[WORK TO COMPLETE] Would you transcribe the entries below, beginning at the line with "В наборе 1 пакетик" and ending after the line with "for little hugs.", exactly, with no picture and nothing more?

*** Opening of DATA SHOWN ***

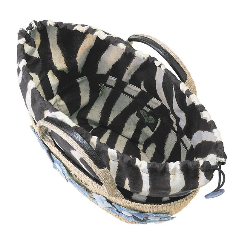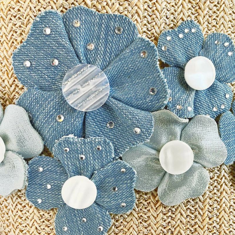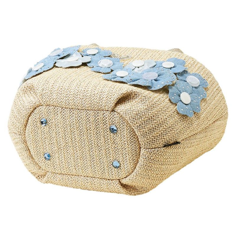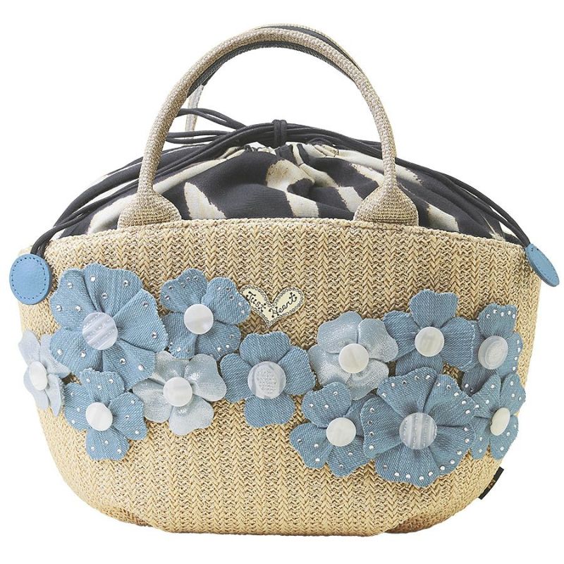 ゴールドのラメ糸を織り込んだ、さらっとした日本製のラフィア風生地に、素材の異なる爽やかなライトブルーのフラワーモチーフがキュートに咲いたカゴ風バッグ。
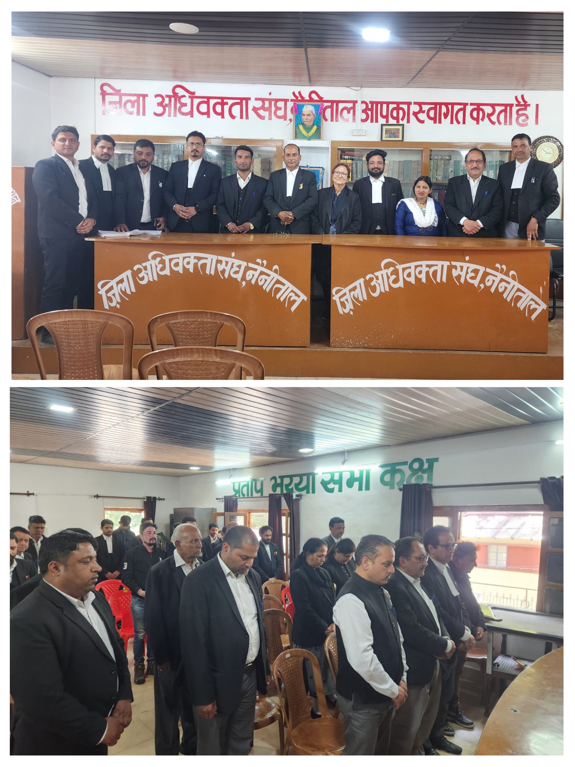 इस दौरान सचिव दीपक रूवाली मनीष मोहन जोशी नीरज साह ओंकार गोस्वामी राजेन्द्र कुमार पाठक हरिशंकर कंसल गिरीश खोलिया राजेश चंदोला ज्योति प्रकाश बोरा अरुण बिष्ट घनानंद बर्थवाल राजेंद्र सिंह मेहरा पंकज सिंह बिष्ट शंकर चौहान प्रीति साह संजय सुयाल राजेश त्रिपाठी बलवंत सिंह थलाल पंकज कुमार कैलाश ब्ल्यूटिया कैलाश जोशी शरत साह संजय त्रिपाठी अनिल बिष्ट नवीन पंत प्रकाश पांडेय अशोक मौलेखी प्रमोद तिवारी गिरीश जोशी नीलेश भट्ट हरीश भट्ट यशवंत सिंह बिष्ट अरुण बिष्ट राजेश टंडन अखिलेश साह राजेंद्र परगाई रितेश कुमार दयाकिशन पोखरिया गिरीश बहुखंडी अखिल साह अनिल हर्नवाल सुभाष जोशी कमल चिलवाल शिवांशु जोशी निखिल बिष्ट भगवत जंतवाल तरुण चंद्रा उमेश कांडपाल नीरज गोस्वामी दिग्विजय मेहरा आनंद कनवाल हितेश पाठक यशपाल आर्या नीरज कुमार निर्मल सहित अन्य अधिवक्ता मौजूद रहे।
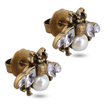 Пусеты (Майорка белая, кристаллы белые; покрытие античное золото), Есть комплект
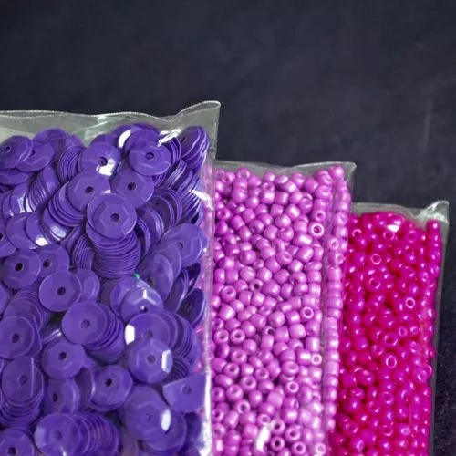 В наборе 1 пакетик с гранеными пайетками (диаметр 0,7 см) и 2 пакетика с бисером (диаметр 0,2 см)
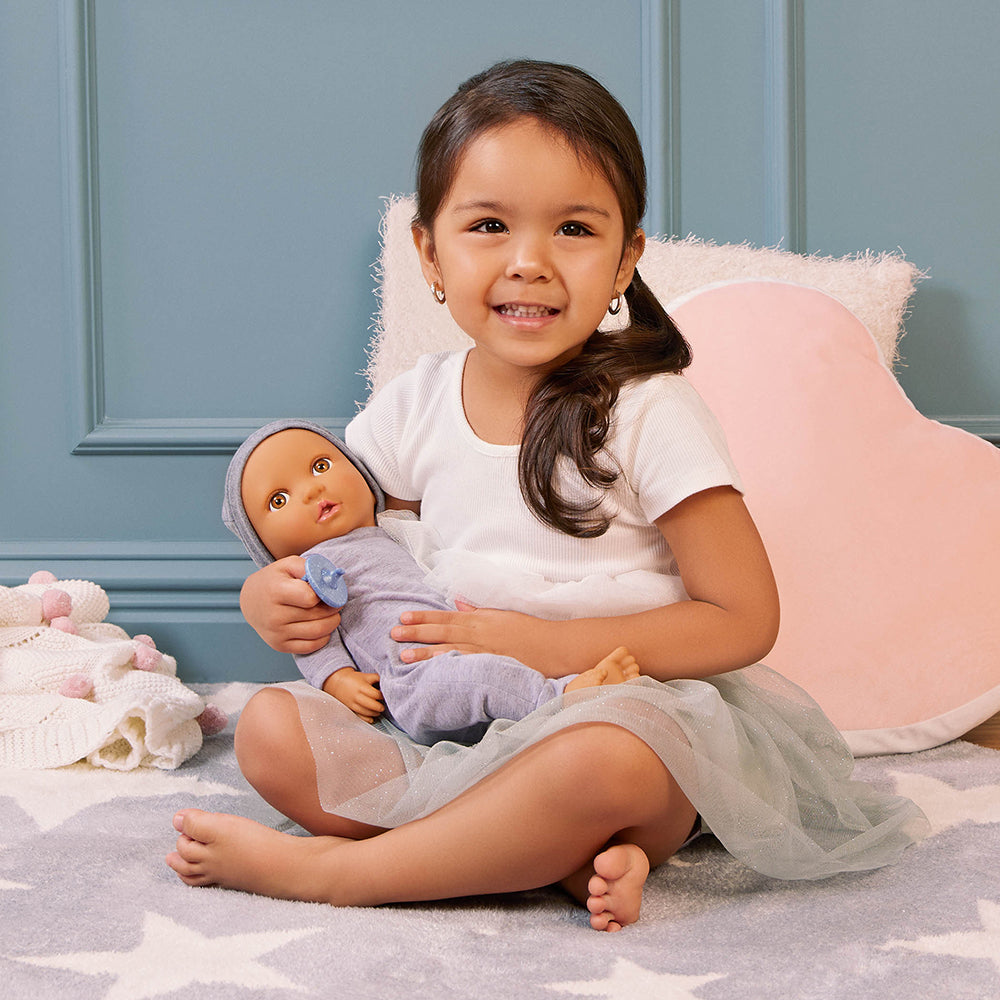 - 14” Baby Doll: This LullaBaby doll has a cute jumpsuit outfit with a matching hat, an extra-large pacifier, and a cuddly soft body made for little hugs.
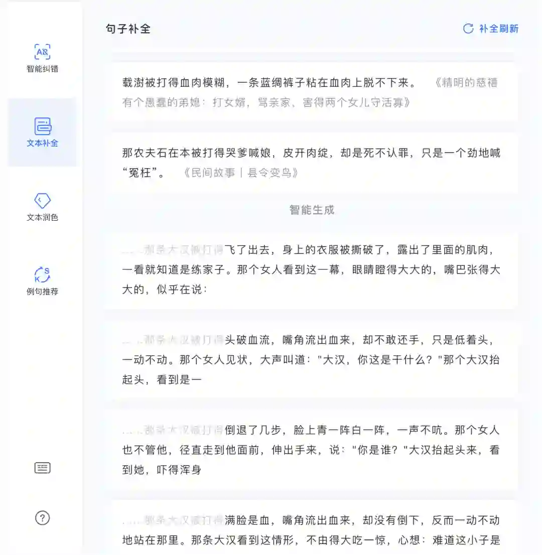 同时,文涌还提供两种句子级别续写方式:检索式句子补全和基于语言模型的 AI 自动续写,为写作者提供多维度的写作提示。下图例子中,给定输入前缀「那条大汉被打得」时,两种方式均能给出合理流畅的续写结果。

*** Close of DATA SHOWN ***

[RESULT OF THIS TASK]
 В наборе 1 пакетик с гранеными пайетками (диаметр 0,7 см) и 2 пакетика с бисером (диаметр 0,2 см)
 - 14” Baby Doll: This LullaBaby doll has a cute jumpsuit outfit with a matching hat, an extra-large pacifier, and a cuddly soft body made for little hugs.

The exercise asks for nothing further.